An exact transcription is needed of the lines below from the one with "ပြည်ထောင်စုဝန်ကြီးနှင့် အဖွဲ့ဝင်များကို လုပ်ငန်းတာဝန်ရှိသူများက" through the one with "RS 5.0mm Right", with no other lines and no pictures.

### Material to process

>>

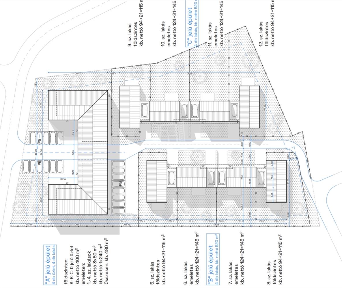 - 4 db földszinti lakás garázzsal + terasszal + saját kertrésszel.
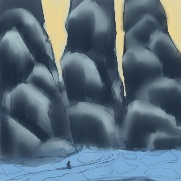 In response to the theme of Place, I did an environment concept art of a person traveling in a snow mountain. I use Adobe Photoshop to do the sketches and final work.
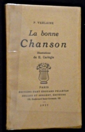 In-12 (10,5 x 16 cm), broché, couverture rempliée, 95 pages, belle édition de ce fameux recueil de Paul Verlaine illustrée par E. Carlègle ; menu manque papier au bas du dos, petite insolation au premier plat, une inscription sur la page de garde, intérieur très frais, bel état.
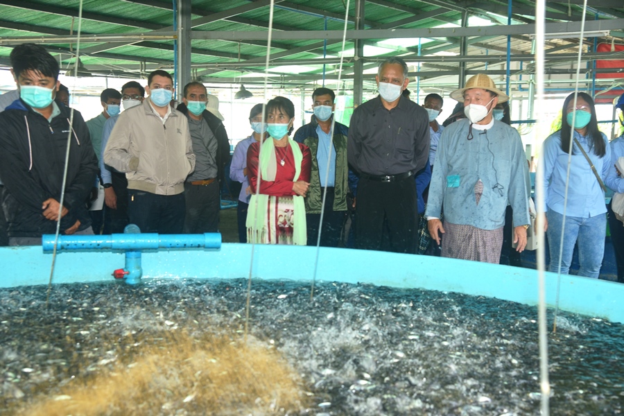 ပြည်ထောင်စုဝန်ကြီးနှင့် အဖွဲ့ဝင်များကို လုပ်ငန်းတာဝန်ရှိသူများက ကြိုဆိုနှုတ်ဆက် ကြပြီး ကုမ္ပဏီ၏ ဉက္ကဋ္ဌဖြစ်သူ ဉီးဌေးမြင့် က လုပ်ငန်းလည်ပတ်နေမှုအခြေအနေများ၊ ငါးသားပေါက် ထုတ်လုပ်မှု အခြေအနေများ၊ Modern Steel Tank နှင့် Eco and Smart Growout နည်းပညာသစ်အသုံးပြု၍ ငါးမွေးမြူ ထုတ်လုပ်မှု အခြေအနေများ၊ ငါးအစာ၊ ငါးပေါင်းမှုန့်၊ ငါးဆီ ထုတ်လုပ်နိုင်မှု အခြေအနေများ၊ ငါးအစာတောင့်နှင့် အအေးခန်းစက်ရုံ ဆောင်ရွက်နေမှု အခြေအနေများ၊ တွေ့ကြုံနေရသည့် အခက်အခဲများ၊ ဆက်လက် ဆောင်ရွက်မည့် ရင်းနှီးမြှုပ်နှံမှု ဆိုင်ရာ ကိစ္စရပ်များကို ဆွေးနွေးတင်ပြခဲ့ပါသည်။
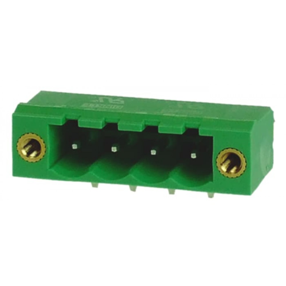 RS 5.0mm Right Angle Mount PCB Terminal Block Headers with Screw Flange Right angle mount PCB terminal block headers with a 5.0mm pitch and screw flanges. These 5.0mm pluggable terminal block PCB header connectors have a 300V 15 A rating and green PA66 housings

<<
>>

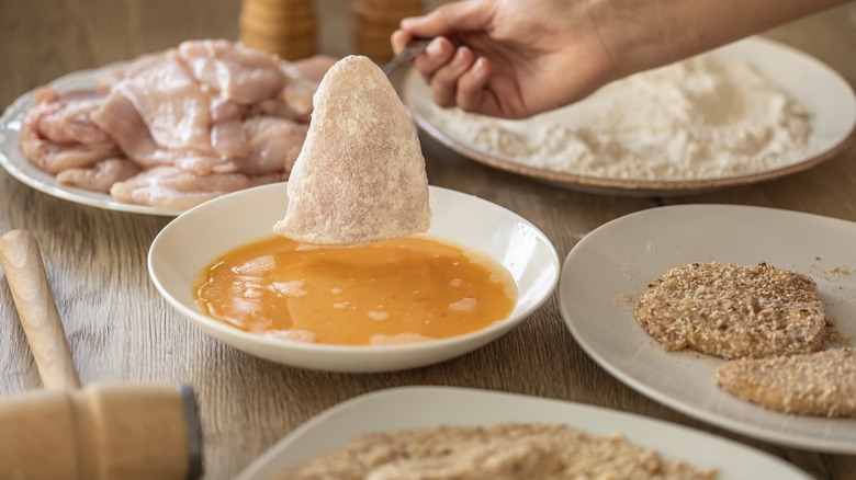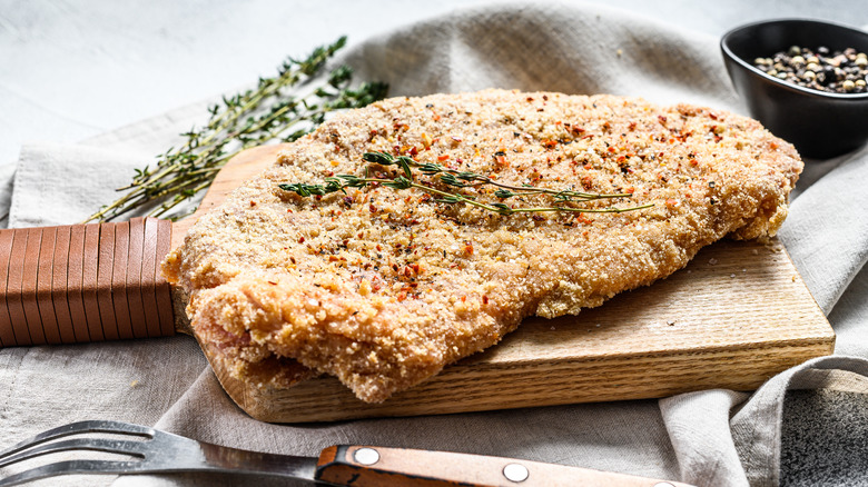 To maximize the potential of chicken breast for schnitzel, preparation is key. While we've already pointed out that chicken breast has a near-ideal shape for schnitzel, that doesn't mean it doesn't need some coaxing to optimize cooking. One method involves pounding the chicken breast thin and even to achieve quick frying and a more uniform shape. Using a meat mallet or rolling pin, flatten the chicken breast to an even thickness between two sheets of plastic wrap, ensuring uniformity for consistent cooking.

<<
>>

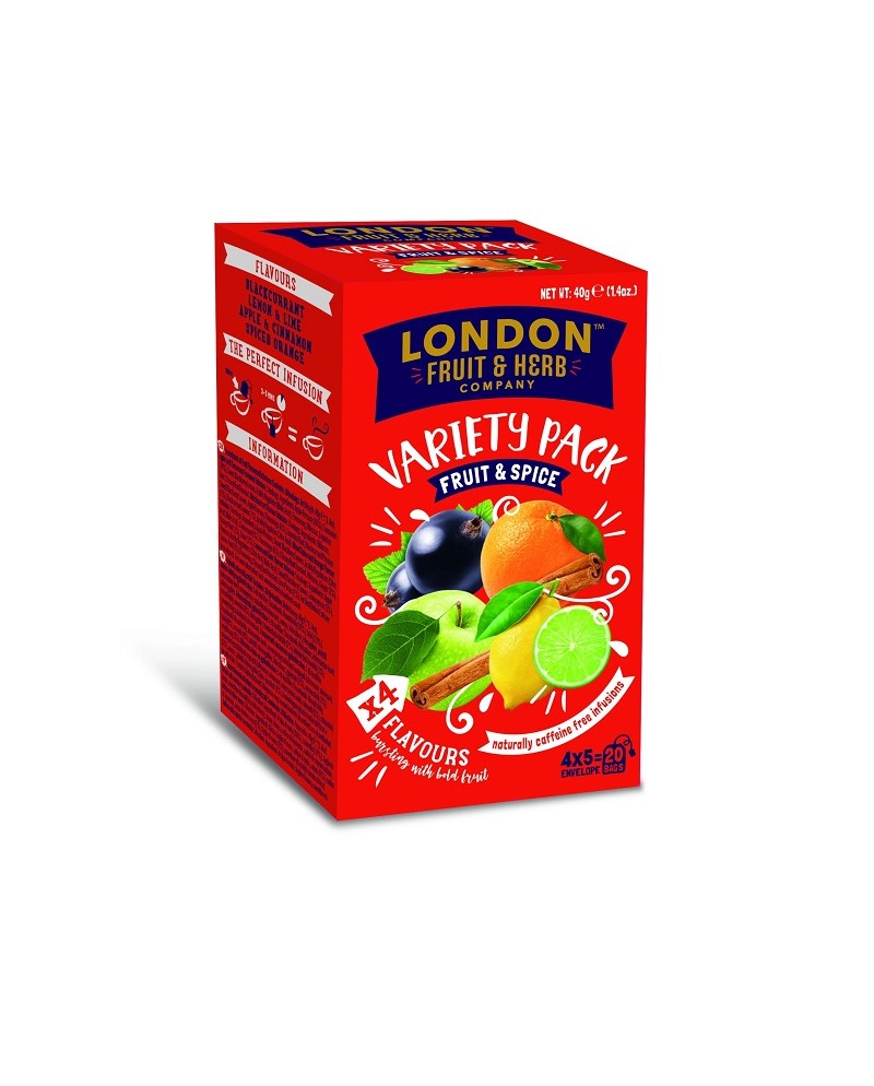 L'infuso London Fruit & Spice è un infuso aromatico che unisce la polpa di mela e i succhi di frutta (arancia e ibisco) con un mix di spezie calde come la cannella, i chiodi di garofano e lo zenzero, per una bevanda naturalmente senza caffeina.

<<

### Output below
 ပြည်ထောင်စုဝန်ကြီးနှင့် အဖွဲ့ဝင်များကို လုပ်ငန်းတာဝန်ရှိသူများက ကြိုဆိုနှုတ်ဆက် ကြပြီး ကုမ္ပဏီ၏ ဉက္ကဋ္ဌဖြစ်သူ ဉီးဌေးမြင့် က လုပ်ငန်းလည်ပတ်နေမှုအခြေအနေများ၊ ငါးသားပေါက် ထုတ်လုပ်မှု အခြေအနေများ၊ Modern Steel Tank နှင့် Eco and Smart Growout နည်းပညာသစ်အသုံးပြု၍ ငါးမွေးမြူ ထုတ်လုပ်မှု အခြေအနေများ၊ ငါးအစာ၊ ငါးပေါင်းမှုန့်၊ ငါးဆီ ထုတ်လုပ်နိုင်မှု အခြေအနေများ၊ ငါးအစာတောင့်နှင့် အအေးခန်းစက်ရုံ ဆောင်ရွက်နေမှု အခြေအနေများ၊ တွေ့ကြုံနေရသည့် အခက်အခဲများ၊ ဆက်လက် ဆောင်ရွက်မည့် ရင်းနှီးမြှုပ်နှံမှု ဆိုင်ရာ ကိစ္စရပ်များကို ဆွေးနွေးတင်ပြခဲ့ပါသည်။
 RS 5.0mm Right Angle Mount PCB Terminal Block Headers with Screw Flange Right angle mount PCB terminal block headers with a 5.0mm pitch and screw flanges. These 5.0mm pluggable terminal block PCB header connectors have a 300V 15 A rating and green PA66 housings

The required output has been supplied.